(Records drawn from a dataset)
......

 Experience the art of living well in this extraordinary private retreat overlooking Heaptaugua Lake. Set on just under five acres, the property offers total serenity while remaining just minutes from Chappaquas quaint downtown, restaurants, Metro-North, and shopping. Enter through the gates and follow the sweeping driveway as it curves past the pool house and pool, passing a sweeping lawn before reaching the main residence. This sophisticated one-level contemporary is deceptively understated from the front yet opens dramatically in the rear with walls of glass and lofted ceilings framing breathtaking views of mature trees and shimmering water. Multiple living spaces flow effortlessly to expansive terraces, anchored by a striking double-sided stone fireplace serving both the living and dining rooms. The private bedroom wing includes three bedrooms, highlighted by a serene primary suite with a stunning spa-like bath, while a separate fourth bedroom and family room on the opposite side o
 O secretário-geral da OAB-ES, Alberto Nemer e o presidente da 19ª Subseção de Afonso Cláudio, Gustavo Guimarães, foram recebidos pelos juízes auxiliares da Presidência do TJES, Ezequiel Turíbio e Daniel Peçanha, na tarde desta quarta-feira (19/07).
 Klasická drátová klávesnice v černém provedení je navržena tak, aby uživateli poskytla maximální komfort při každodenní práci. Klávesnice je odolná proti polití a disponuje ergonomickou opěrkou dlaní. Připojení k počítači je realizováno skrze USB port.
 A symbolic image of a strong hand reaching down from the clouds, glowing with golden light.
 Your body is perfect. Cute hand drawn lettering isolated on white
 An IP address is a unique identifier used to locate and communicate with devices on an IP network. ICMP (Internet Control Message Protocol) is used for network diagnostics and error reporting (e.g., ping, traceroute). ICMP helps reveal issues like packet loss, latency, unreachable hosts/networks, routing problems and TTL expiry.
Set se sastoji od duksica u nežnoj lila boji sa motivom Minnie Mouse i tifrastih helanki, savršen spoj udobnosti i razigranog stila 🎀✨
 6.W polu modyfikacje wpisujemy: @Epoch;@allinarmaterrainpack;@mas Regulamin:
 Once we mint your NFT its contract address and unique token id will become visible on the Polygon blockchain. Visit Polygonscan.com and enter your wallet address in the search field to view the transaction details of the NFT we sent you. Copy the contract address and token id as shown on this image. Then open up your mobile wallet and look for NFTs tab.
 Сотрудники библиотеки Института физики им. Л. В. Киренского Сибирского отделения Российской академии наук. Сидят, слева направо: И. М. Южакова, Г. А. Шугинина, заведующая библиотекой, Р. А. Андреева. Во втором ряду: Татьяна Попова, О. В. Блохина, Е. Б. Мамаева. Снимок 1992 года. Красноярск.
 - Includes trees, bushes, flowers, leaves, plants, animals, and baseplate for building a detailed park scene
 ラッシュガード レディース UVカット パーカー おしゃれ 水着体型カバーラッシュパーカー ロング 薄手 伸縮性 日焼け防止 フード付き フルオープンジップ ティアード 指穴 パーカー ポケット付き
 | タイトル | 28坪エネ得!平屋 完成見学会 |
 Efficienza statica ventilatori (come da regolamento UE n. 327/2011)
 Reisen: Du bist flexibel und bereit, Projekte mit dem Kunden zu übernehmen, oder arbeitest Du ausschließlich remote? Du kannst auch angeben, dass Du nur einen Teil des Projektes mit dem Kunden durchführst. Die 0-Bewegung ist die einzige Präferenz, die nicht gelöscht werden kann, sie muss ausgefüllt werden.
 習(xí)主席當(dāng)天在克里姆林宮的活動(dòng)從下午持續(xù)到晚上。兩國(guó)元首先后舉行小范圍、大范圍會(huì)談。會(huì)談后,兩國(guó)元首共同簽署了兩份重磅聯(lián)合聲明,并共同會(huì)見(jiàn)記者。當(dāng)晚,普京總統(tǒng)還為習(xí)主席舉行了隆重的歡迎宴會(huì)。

......

Say how many lines in the entries contain the string "hand". Nothing else belongs in the reply.

2